• Task prompt: Output, exactly as written, the lines below starting at the line containing "Quarto De Bebê" and ending at the line containing "Tuerca de rueda". Drop the pictures and keep both end lines.
= Beginning of Section =
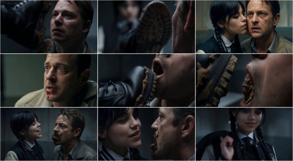 A dominant young woman, styled as a gothic Wednesday Addams cheerleader, interrogates a mesmerized suspect by teasing him with her muddy loafers. She exploits his fetish, offering intimate contact in exchange for testimony. In a cruel betrayal, she stuffs his mouth with dirt instead, reveling in triumphant laughter at his humiliation.
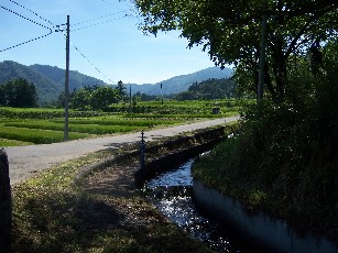 遠野から南東に海の方へ向かえば釜石ですが、小国は釜石からも遠野からもかなり離れた山の中です。釜石から直線距離で40キロメートルほどですが、山道ですからその倍くらいの距離があるでしょう。小国まで走ってみて、彼ら二人が本当に逃げ切って隠れ住もうとしたのだと思いました。下左の動画は川の上流にある堰です。説明版は町の中央を走る道路沿いにあり、そこから川沿いに昇ると堰があり、現在はコンクリートで作られています。昔は川の落差が比較的大きい所のやや上流で川に石を積み、水を溜め、脇に水路を造りました。動画の途中で見えるように、水路には水位を調節する木製の横板を取り付けますが、これは水が過剰なときに余分な水を逃がすためのものです。下右の写真はその堰から引いた水路で、現在も使われています。
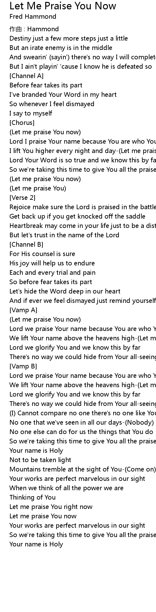 | Lord I praise Your name because You are who You are Let me praise You now | |
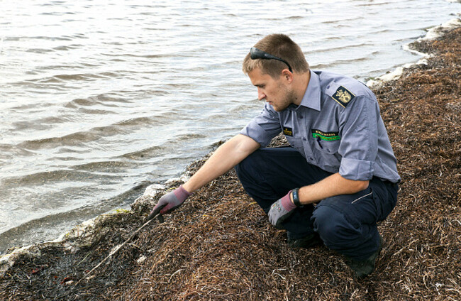 A search team member from the Danish Emergency Services looks for body parts following the death of journalist Kim Wall Ole Jensen - Corbis
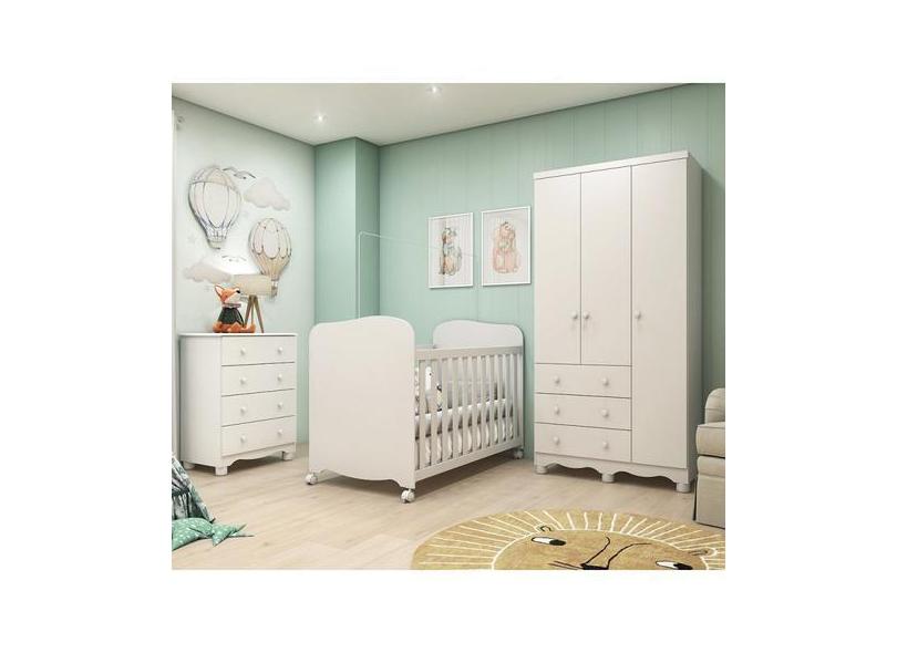 Quarto De Bebê Com Guarda Roupas 3 Portas Cômoda E Berço Com Rodizio M
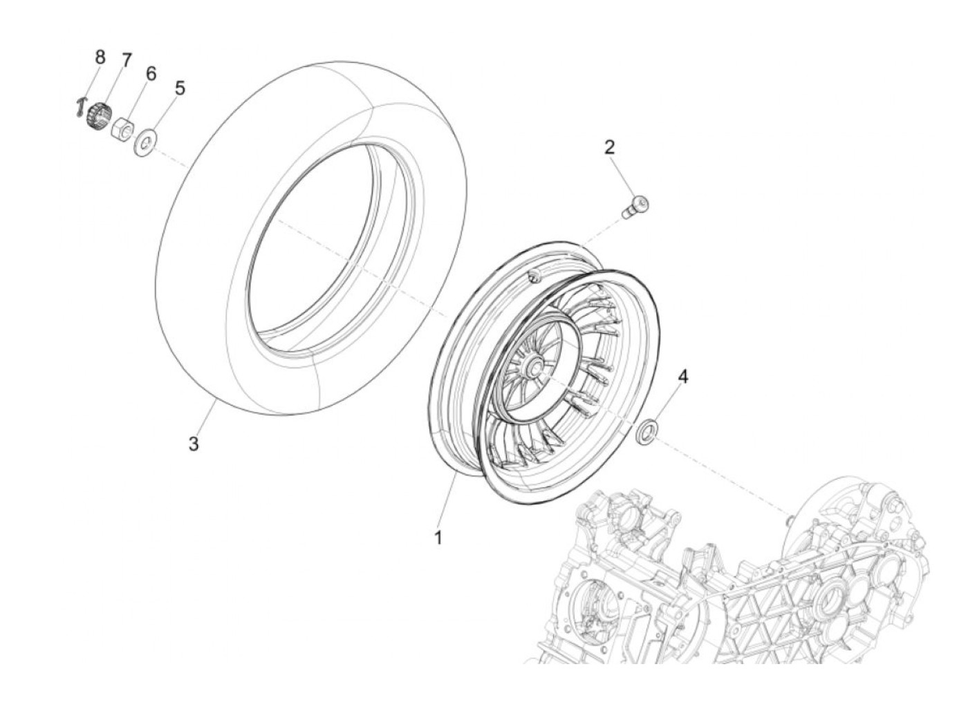 Tuerca de rueda trasera -PIAGGIO- Vespa Primavera 125 (ZAPMA1100, ZAPMA1101, ZAPMD1100), Vespa Primavera 150 (ZAPMA1201, ZAPMA1200, ZAPMD120), Vespa Primavera 50 (ZAPCA0102, ZAPCA0100, ZAPCD020, ZAPCD010), Vespa Sprint 125 (ZAPMA1300, ZAPMA1301, ZAPMD1101
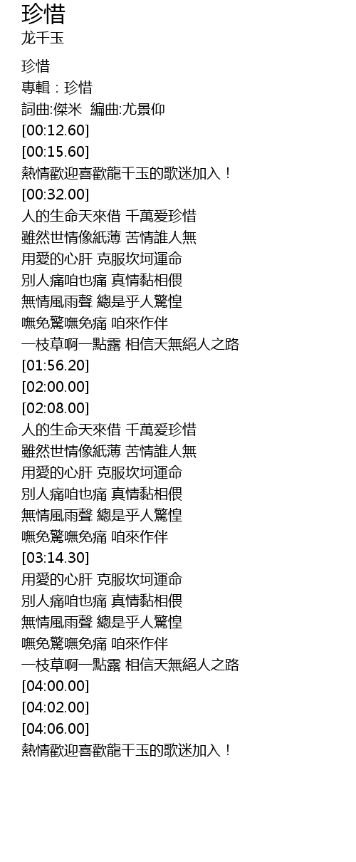 | [04:10.00] | 熱情歡迎喜歡龍千玉的歌迷加入! |
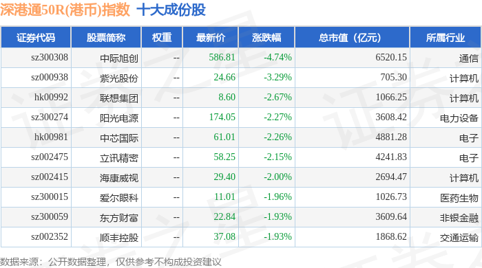 深港通50R(港币)(483092)指数十大成份股详情如下:
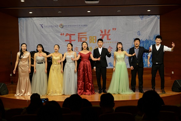 在小音乐厅隆重举行“午后阳光”庆祝宁大建校三十周年专场音乐会。院长俞子正、党总支书记刘缨、院长助理陈煜及学院历届系主任、班主任、部分校友和学生代表共同欣赏音乐会。
= End of Section =
• Output below:
 Quarto De Bebê Com Guarda Roupas 3 Portas Cômoda E Berço Com Rodizio M
 Tuerca de rueda trasera -PIAGGIO- Vespa Primavera 125 (ZAPMA1100, ZAPMA1101, ZAPMD1100), Vespa Primavera 150 (ZAPMA1201, ZAPMA1200, ZAPMD120), Vespa Primavera 50 (ZAPCA0102, ZAPCA0100, ZAPCD020, ZAPCD010), Vespa Sprint 125 (ZAPMA1300, ZAPMA1301, ZAPMD1101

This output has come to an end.